Анна Каминская рассказывала мне, что у нее, как у всех советских школьников, он постоянно жил в голове. Как-то в троллейбусе она спросила Ахматову, что если Сталин войдет в троллейбус — как мы его узнаем? Та раздраженно ответила, что узнаем, потому что он маленький.


В траурный день меня вела в школу учительница в первом классе, наша соседка. На улице темнеющим мартовским утром безутешно и безнаказанно рыдал пьяный оборванец. Я развернулся с вопросом, но учительница тоже раздраженно пресекла обсуждение, а как я узнал много позже, у ней со свежим покойником были свои счеты.

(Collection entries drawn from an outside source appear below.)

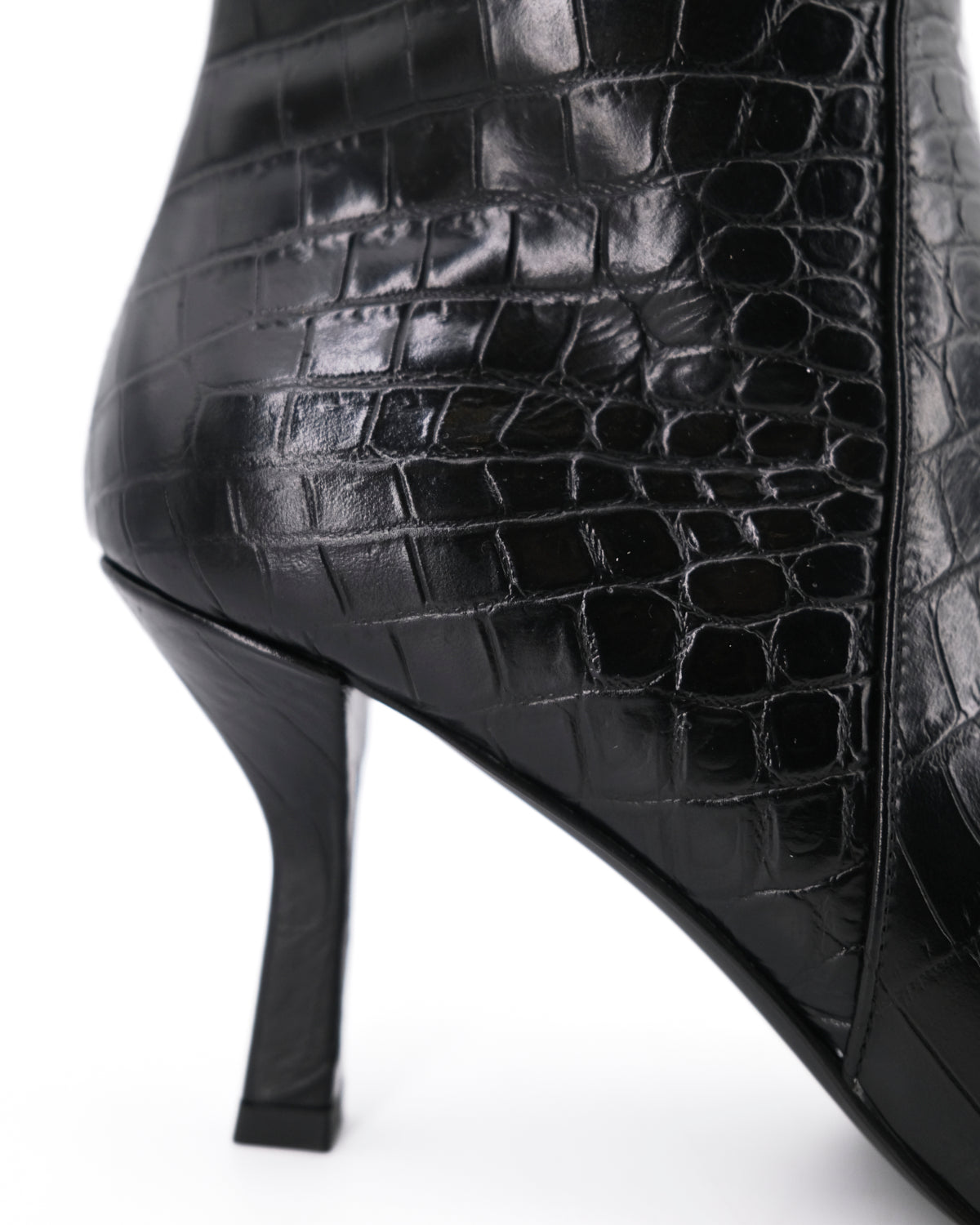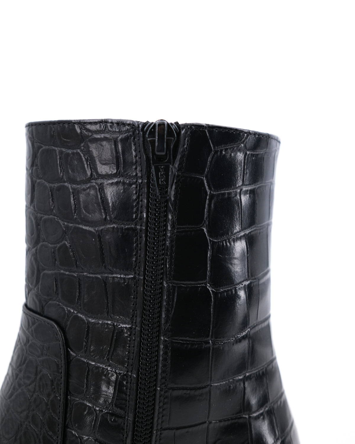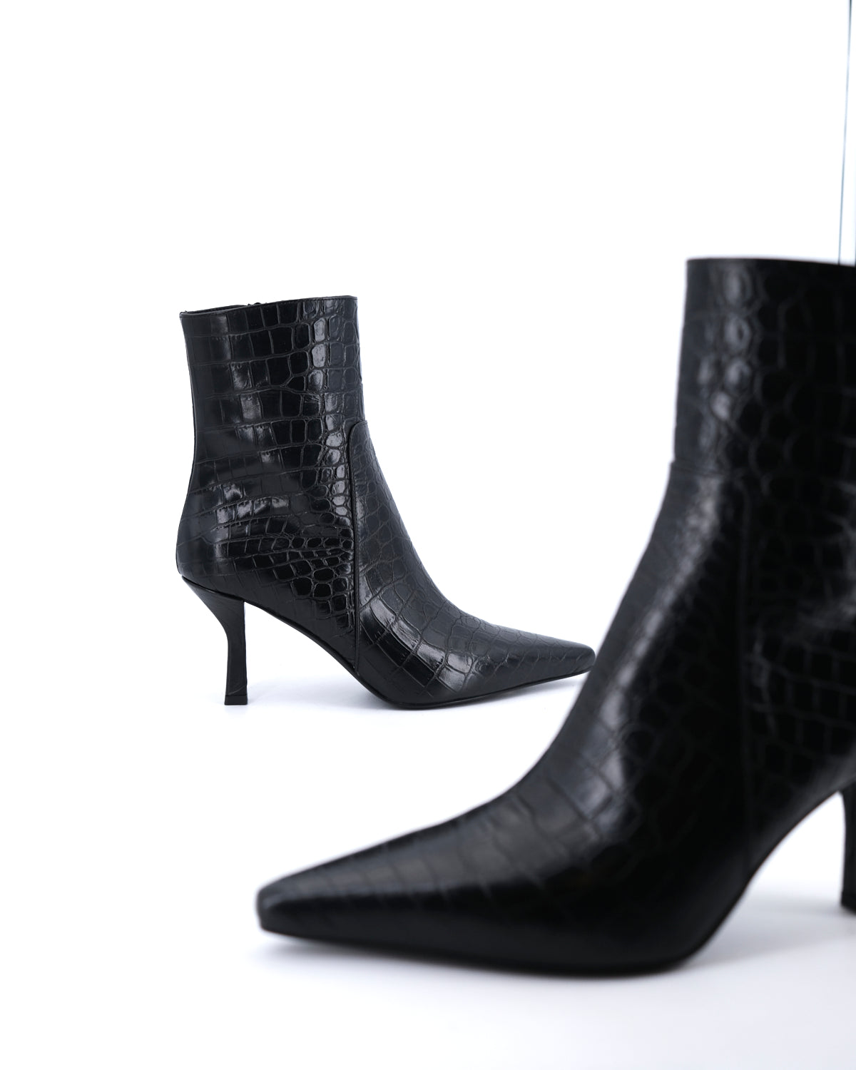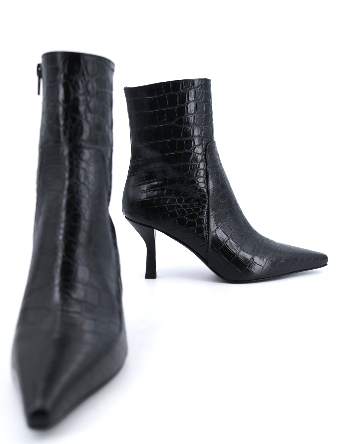 Design essenziale e raffinato  per questo stivaletto che unisce linee pulite e dettagli moderni la punta slanciata ed il tacco stilizzato donano carattere e personalità ad ogni outfit .
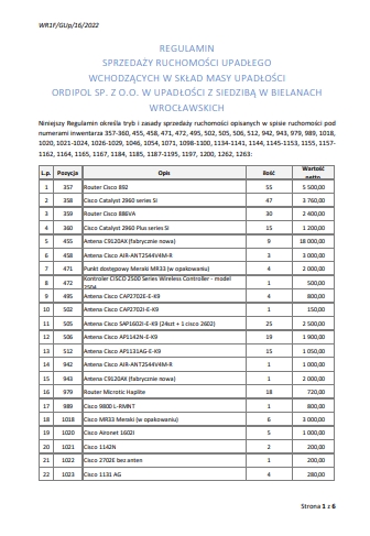 Pakiet 550 sztuk urządzeń sieciowych za cenę nie niższą niż 6.000 zł netto.
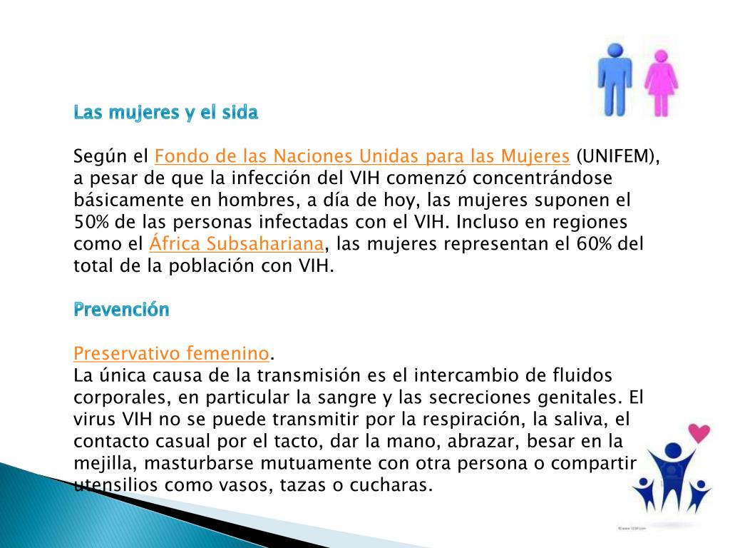 Las mujeres y el sida Según el Fondo de las Naciones Unidas para las Mujeres (UNIFEM), a pesar de que la infección del VIH comenzó concentrándose básicamente en hombres, a día de hoy, las mujeres suponen el 50% de las personas infectadas con el VIH. Incluso en regiones como el África Subsahariana, las mujeres representan el 60% del total de la población con VIH. Prevención Preservativo femenino. La única causa de la transmisión es el intercambio de fluidos corporales, en particular la sangre y las secreciones genitales. El virus VIH no se puede transmitir por la respiración, la saliva, el contacto casual por el tacto, dar la mano, abrazar, besar en la mejilla, masturbarse mutuamente con otra persona o compartir utensilios como vasos, tazas o cucharas.

Пятого марта шестьдесят шестого вечером мне позвонил мой друг Женя Тоддес, сказал, что Би-Би-Си объявило о смерти поэта. Он тут же пришел ко мне, и мы с часок промолчали. Чувство внезапного обрыва великолепной двухвековой затеи сочеталось в те дни даже не с гражданскими, а именно что с личными чувствами. В начале нашей университетской жизни мы слушали лекции Андрея Синявского о поэзии символистов и тех, кто от них ушел. И стало понятно, что заниматься теперь надо именно этим. Недавний приговор суда двум писателям и непротивление большинства интеллигентов государственному насилию показали инфантильность шестидесятнических прогнозов. И теперь стало понятно, что «заниматься этим» надо бы без патронажа существующего режима.

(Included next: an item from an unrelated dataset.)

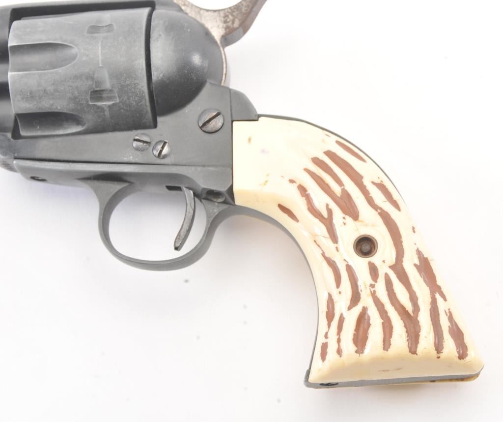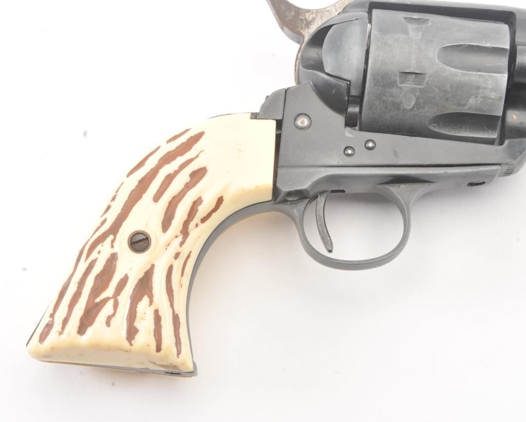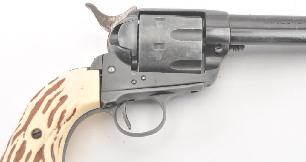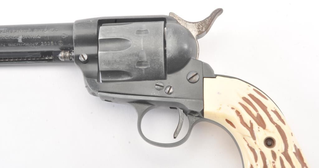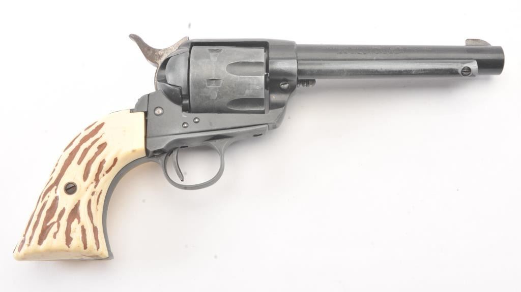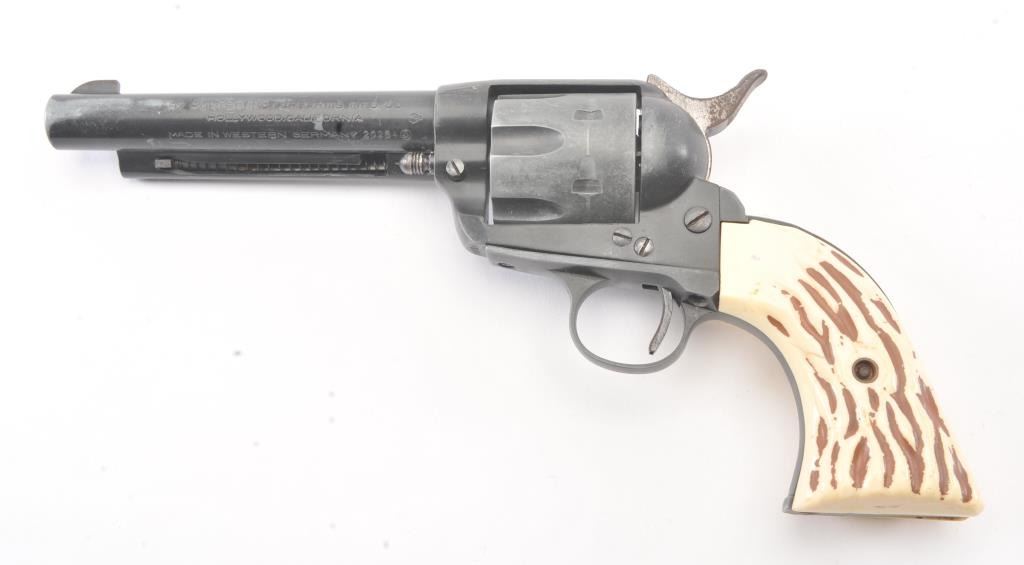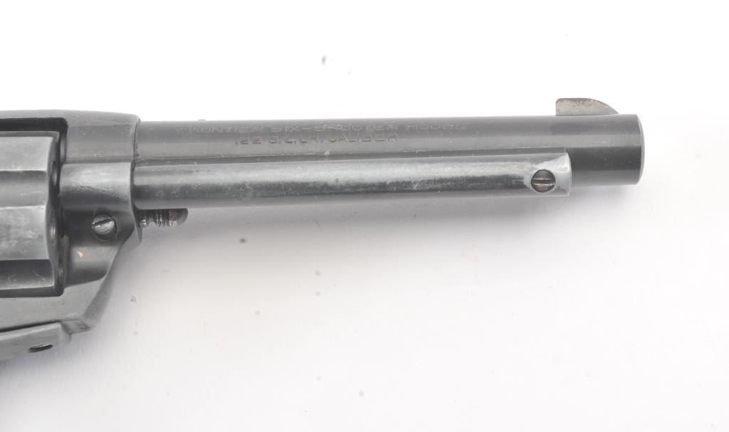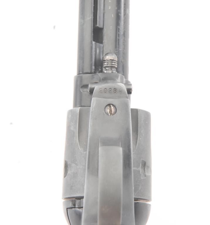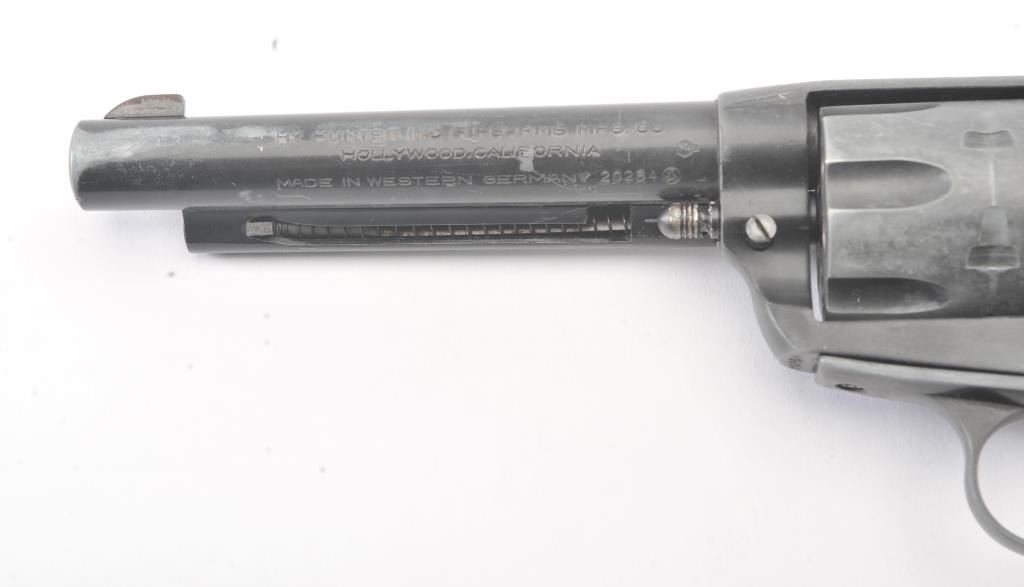 Hy Hunter Frontier Six-Shooter SA revolver, .22 S, L, LR caliber, Serial #20284. The pistol is in very good overall condition with a 5 ½” barrel marked, “WEST GERMANY”. The pistol retains a significant amount of blackfinish with losses at the muzzle and on the cylinder. The faux stag grips are in very good condition with small mars consistent with carry and use. The bore is fair, the action functions and the markings arelegible. Est.: $75-$150. (Modern/PPT).
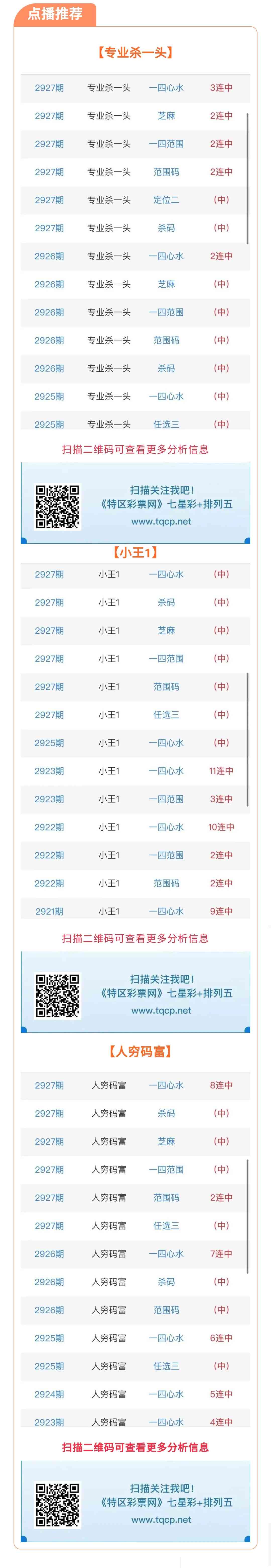七星彩2928期点播推荐专业杀一头、小王1和人穷码富3位分析师

Когда Женя ушел, я сел записать конспективно то, что помнил из ахматовских ответов на вопросы в разговоре, состоявшемся за семь месяцев до сообщения зарубежного вещания.


Думается, в выхваченном для погружения хронологическом куске нет противоречия титулу книги. Календарные привязки ведь вообще, сказала и Ахматова, куда как условны. Вспоминаю разговор с одним из моих учителей Юрием Михайловичем Лотманом в первые годы ускорения и перестройки, когда, по его словам, окошка еще не открыли, но вентилятор уже поставили. Я выразился о работах одного старшего коллеги, что это ведь по сути литературоведение сороковых годов. Хотя они вышли в 1950-е. Но ведь сороковые не прямо в сороковых и кончились, объяснился я. «А кто Вам сказал, что они вообще кончились», — срезал Юрмих.

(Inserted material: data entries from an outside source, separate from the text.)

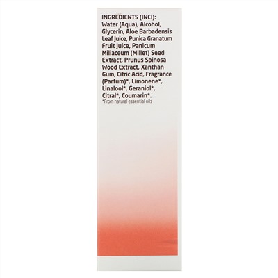 ИнгредиентыWater, alcohol, glycerin, aloe barbadensis leaf juice, punica granatum fruit juice, panicum miliaceum (millet) seed extract, prunus spinosa wood extract, xanthan gum, citric acid, fragrance (parfum)*, limonene*, linalool*, geraniol*, citral*, coumarin*. *From natural essential oils Комментарии к товару
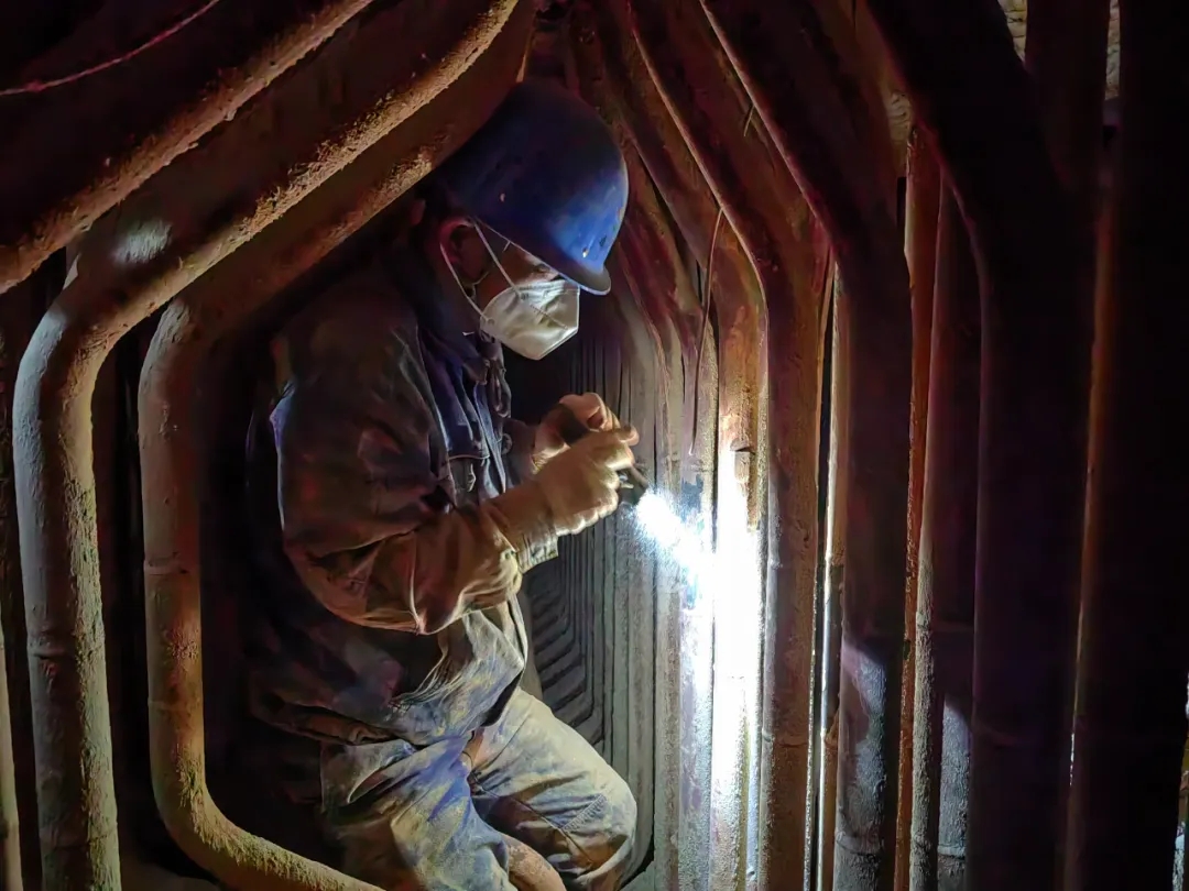 汽包壁溫和鍋爐大罩殼溫度元件是監(jiān)視超溫、泄漏的重要設(shè)備,關(guān)乎機(jī)組安全穩(wěn)定運(yùn)行。由于溫度元件處在鍋爐大罩殼與機(jī)箱管排之間,周邊管排布置復(fù)雜、保溫材料多,武朝輝只能帶著同事鉆進(jìn)狹小的空間內(nèi)進(jìn)行操作。“這地方又悶又熱,空間又小,一下子要更換106個(gè)‘鍋爐體溫計(jì)’,黨員不上誰(shuí)上!”武朝輝擦著汗,樂(lè)呵呵地說(shuō)道。
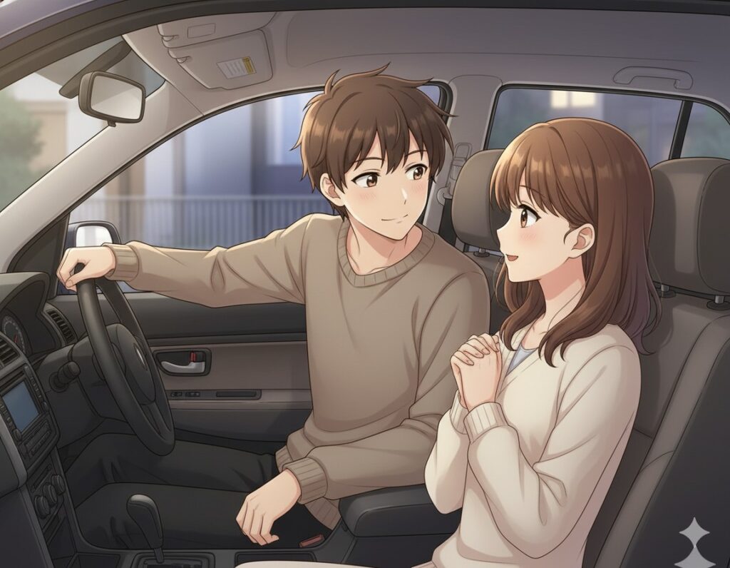車内の雰囲気全体から、彼がこの二人きりの時間をどう捉えているかを感じ取ってみましょう。

Почему я вообще после занятий историей модернистской культуры начала прошлого века заявился в эту немую глушь? Не только потому, что при попытке выгородить и описать один из интерьеров русской литературы того века в согласии с моим пониманием методики истории словесности, можно было рассказать, — взяв полуцитату из титульного автора, — «как прошлое», наиболее для меня интересное, «в грядущем» оттепельном климате «тлело». Пожалуй, тому были еще три причины. Начну с последней.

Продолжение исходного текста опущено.